These scenarios are just a small view of several application scenarios. The CRC consists of twelve projects, each with a different focus on providing information by resource-contrained data analysis. The specific fields of research need to cover many parts of the typical data mining process, investigating and enhancing algorithms under resource constraints. Research topics and areas of expertise include:
Data Mining algorithms: Extracting information from pure data has a long history in computer science. This research center concentrates on both sides of the spectrum: distributed data, available only through resource constrained devices, and very high amounts of data. These constraints demand the development of new algorithms and implementations, achieving high accuracy comparable to solutions for smaller problem domains. Depending on the type of problem, trade-offs between overall accuracy and resource consumption need to be included. Stream mining and distributed calculations split the tasks into smaller, easier to handle chunks of data.
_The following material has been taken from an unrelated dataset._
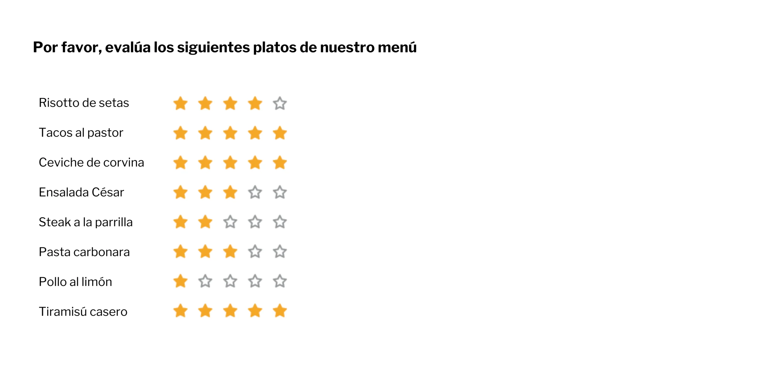Pongamos como ejemplo un restaurante gourmet que busca perfeccionar su menú ofreciendo platos que deleiten el paladar de sus clientes. Utilizando la Escala de Calificación de Estrellas, este establecimiento invita a sus comensales a evaluar cada plato que han degustado, desde entrantes hasta postres, basándose en sabor, presentación, y originalidad.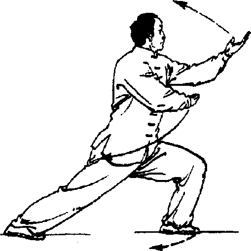 ① 重心右移,上体右转,右脚尖外展,左脚尖 内扣,右腿屈弓,左腿自然蹬直;右掌向上挑至体 前,成侧立掌,腕高与肩平,左臂内旋下落至身后, 勾尖向上;目视右掌(图28①)。

Feature selection and creation: In cases where the number of available features is large compared to the number of available examples, an efficient selection of existing features or creation of new/aggregated features is of major importance. Research leads to new algorithms handling this process to improve accuracy and reduce complexity.
Dedicated hardware optimization: The research center's goals for handling large amounts of data in parallel with reduced energy consumption can be targeted with optimizations through dedicated hardware. Two specific fields are General Purpose Computation on Graphics Processing Units (GPGPU) and Field Programmable Gate Arrays (FPGA).
GPGPU: Using the graphics hardware can speed up data analysis through massive parallelization of sub tasks. While the GPU in some cases needs more peek energy compared to tasks running on standard CPUs, the overall consumption for completing the calculation is lower due to the shorter amount of time needed.
FPGA: Similar to GPUs, FPGAs may greatly speed up analysis time by a high level of parallelism. Implementations of data analysis algorithms concentrating on the task at hand in complement to general purpose algorithms deliver faster result generation. Development specialized for FPGAs enables preprocessing and filtering on-site near to sensors and embedded devices. This leads to an efficient reduction of data before it needs to be centralized and stored. The final step transfers the implementation to Application Specific Integrated Circuits (ASICs) for smaller footprints and higher clock rates.
Communication efficiency: The more the data is distributed, the harder it is to gain an holistic view about it or derive global knowledge. Intelligent decisions about what to distribute when is a major optimization task. Data analysis algorithms need to incorporate the costs associated with transmitting data to decide about the pieces of information to be sent between network nodes.
Energy consumption reduction: Energy is an important topic, especially for distributed systems where the amount of available energy is severely limited. Mobile phones, embedded systems or sensors at remote locations typically should run for as long as possible without recharging. Research about the consumption of each part of the system and the demands generated by the analysis algorithms lead to the definition of energy models. The derived models are used for a-priori evaluations about the efficiency of the scheduled analysis executions. Of course, the energy models impact communication behavior as well as consumption of CPUs or GPUs. Finally, energy-aware algorithms are expected to improve consumptions as well for large scale calculations, e.g. in server farms and clusters, as for embedded systems, conserving large amounts of valuable energy.